(THE DATA begins)

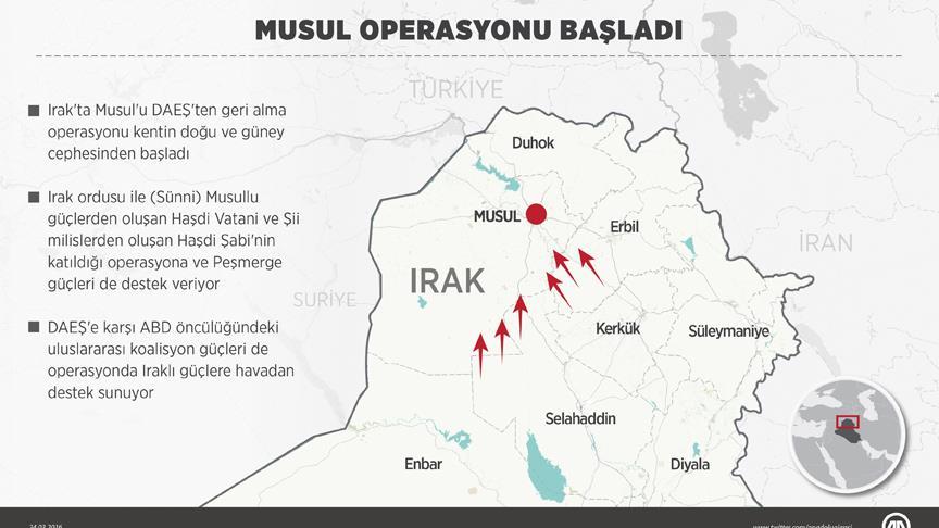 Irak'ta Musul'u terör örgütü DAEŞ'ten kurtarma operasyonunun birinci aşaması kentin güney ve doğu cephelerinden başladı.
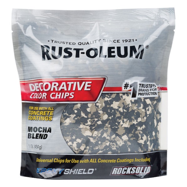 Rust-Oleum Decorative Chips are designed for use with any one-part or two-part concrete floor coating. When sprinkled onto a freshly coated surface, these decorative chips bond to the wet film to become a permanent part of the coating.
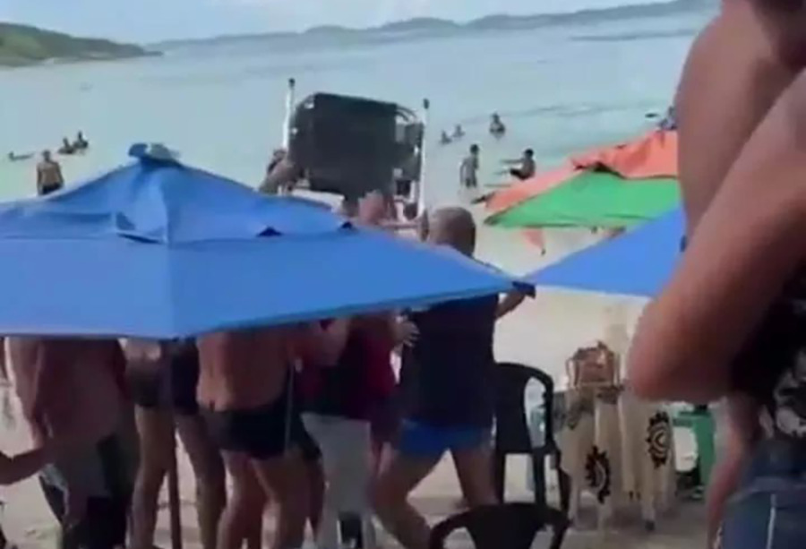 Durante a briga, um dos envolvidos utilizou uma cadeira para atingir outro homem na cabeça. A cena causou apreensão entre banhistas, que se afastaram rapidamente da área ao perceber a gravidade da situação.
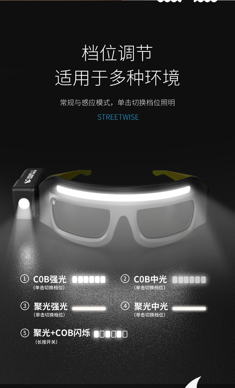국경 간 신제품 강한 빛 조명 안경 헤드 라이트 작업 조명 야외 사이클링 야간 낚시 안경 라이트 방풍 헤드 라이트
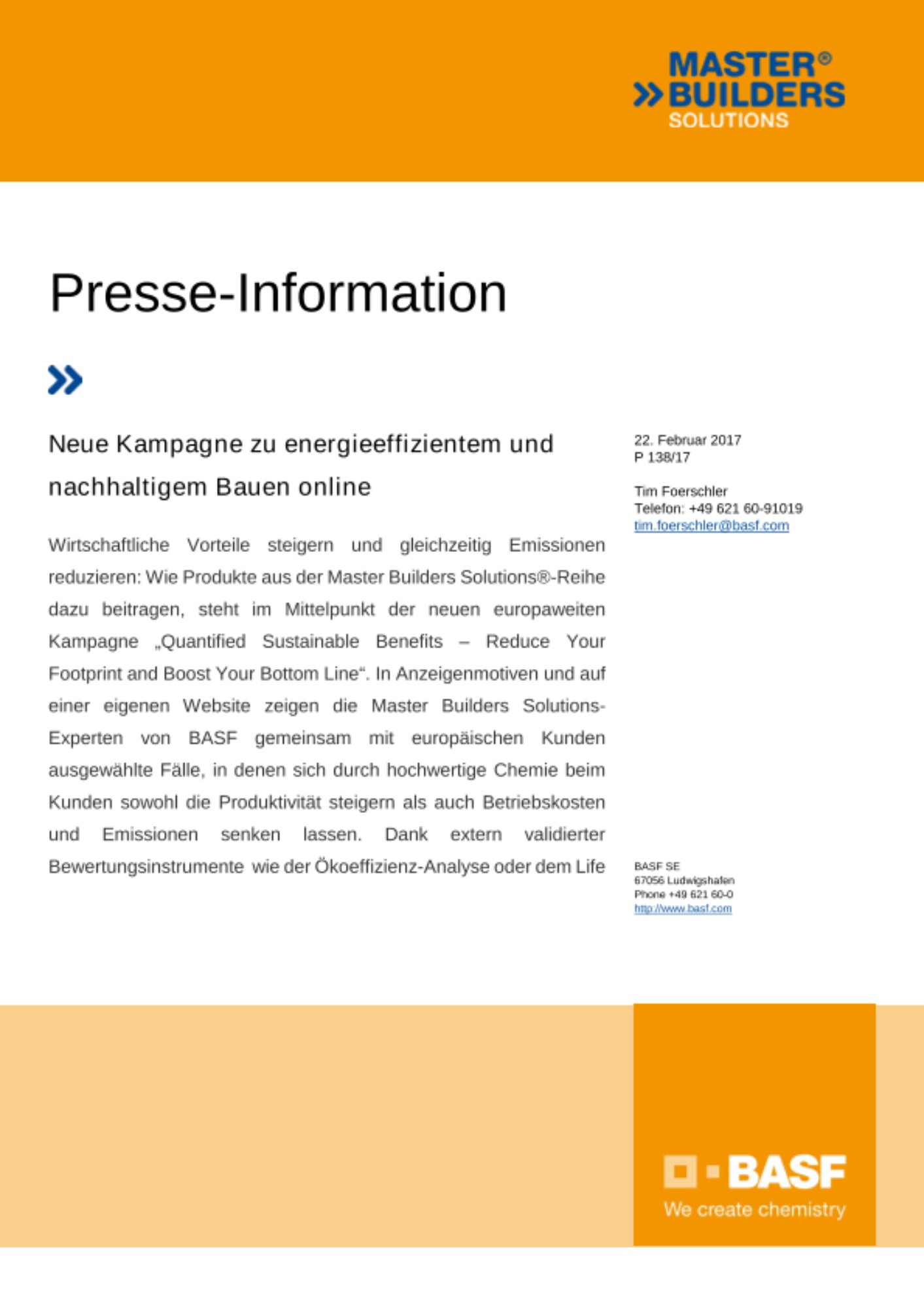 Wirtschaftliche Vorteile steigern und gleichzeitig Emissionen reduzieren: Wie Produkte aus der Master Builders Solutions®-Reihe dazu beitragen, steht im Mittelpunkt der neuen europaweiten Kampagne „Quantified Sustainable Benefits – Reduce Your Footprint and Boost Your Bottom Line“. In Anzeigenmotiven und auf einer eigenen Website zeigen die Master Builders Solutions-Experten von BASF gemeinsam mit europäischen Kunden ausgewählte Fälle, in denen sich durch hochwertige Chemie beim Kunden sowohl die Produktivität steigern als auch Betriebskosten und Emissionen senken lassen. Dank extern validierter Bewertungsinstrumente wie der Ökoeffizienz-Analyse oder dem Life Cycle Analyzer von BASF können die erreichten Erfolge quantifiziert werden.
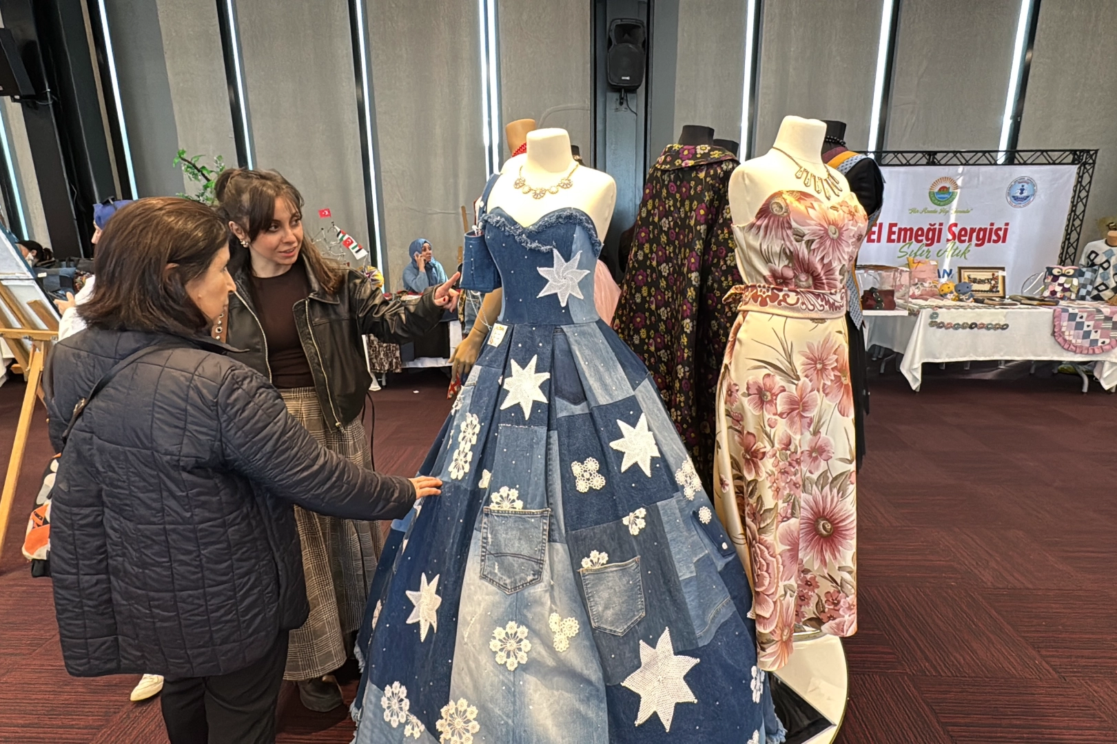 Samsun'da dikiş öğretmeni Betül Erdin ve arkadaşları, atık kot pantolonları geri dönüştürerek çanta, elbise ve pazar arabası üretti.
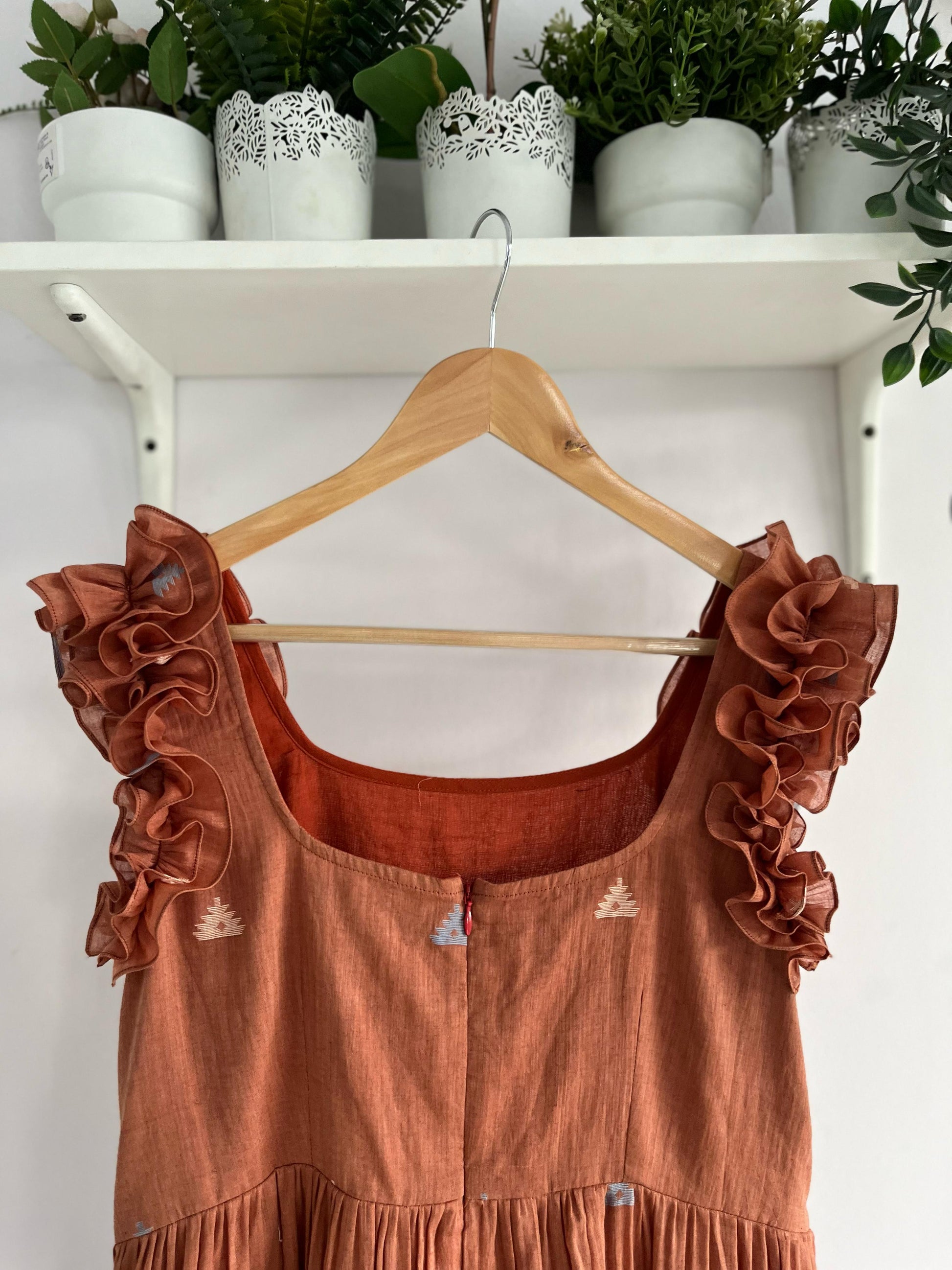 Step into timeless elegance with our Sand Dune: Dark Beige Multi-Tiered Jamdhani Dress. This exquisite piece showcases the intricate beauty of Jamdhani weaving, a traditional art form celebrated for its delicate patterns and fine craftsmanship. The rich dark beige hue offers a versatile and sophisticated look, making it a perfect choice for various occasions.

(THE DATA ends)

● **WHAT YOU HAVE TO DO**
Word for word, copy out each record; do not include pictures.

● **SOLVED EXERCISE**
 Irak'ta Musul'u terör örgütü DAEŞ'ten kurtarma operasyonunun birinci aşaması kentin güney ve doğu cephelerinden başladı.
 Rust-Oleum Decorative Chips are designed for use with any one-part or two-part concrete floor coating. When sprinkled onto a freshly coated surface, these decorative chips bond to the wet film to become a permanent part of the coating.
 Durante a briga, um dos envolvidos utilizou uma cadeira para atingir outro homem na cabeça. A cena causou apreensão entre banhistas, que se afastaram rapidamente da área ao perceber a gravidade da situação.
국경 간 신제품 강한 빛 조명 안경 헤드 라이트 작업 조명 야외 사이클링 야간 낚시 안경 라이트 방풍 헤드 라이트
 Wirtschaftliche Vorteile steigern und gleichzeitig Emissionen reduzieren: Wie Produkte aus der Master Builders Solutions®-Reihe dazu beitragen, steht im Mittelpunkt der neuen europaweiten Kampagne „Quantified Sustainable Benefits – Reduce Your Footprint and Boost Your Bottom Line“. In Anzeigenmotiven und auf einer eigenen Website zeigen die Master Builders Solutions-Experten von BASF gemeinsam mit europäischen Kunden ausgewählte Fälle, in denen sich durch hochwertige Chemie beim Kunden sowohl die Produktivität steigern als auch Betriebskosten und Emissionen senken lassen. Dank extern validierter Bewertungsinstrumente wie der Ökoeffizienz-Analyse oder dem Life Cycle Analyzer von BASF können die erreichten Erfolge quantifiziert werden.
 Samsun'da dikiş öğretmeni Betül Erdin ve arkadaşları, atık kot pantolonları geri dönüştürerek çanta, elbise ve pazar arabası üretti.
 Step into timeless elegance with our Sand Dune: Dark Beige Multi-Tiered Jamdhani Dress. This exquisite piece showcases the intricate beauty of Jamdhani weaving, a traditional art form celebrated for its delicate patterns and fine craftsmanship. The rich dark beige hue offers a versatile and sophisticated look, making it a perfect choice for various occasions.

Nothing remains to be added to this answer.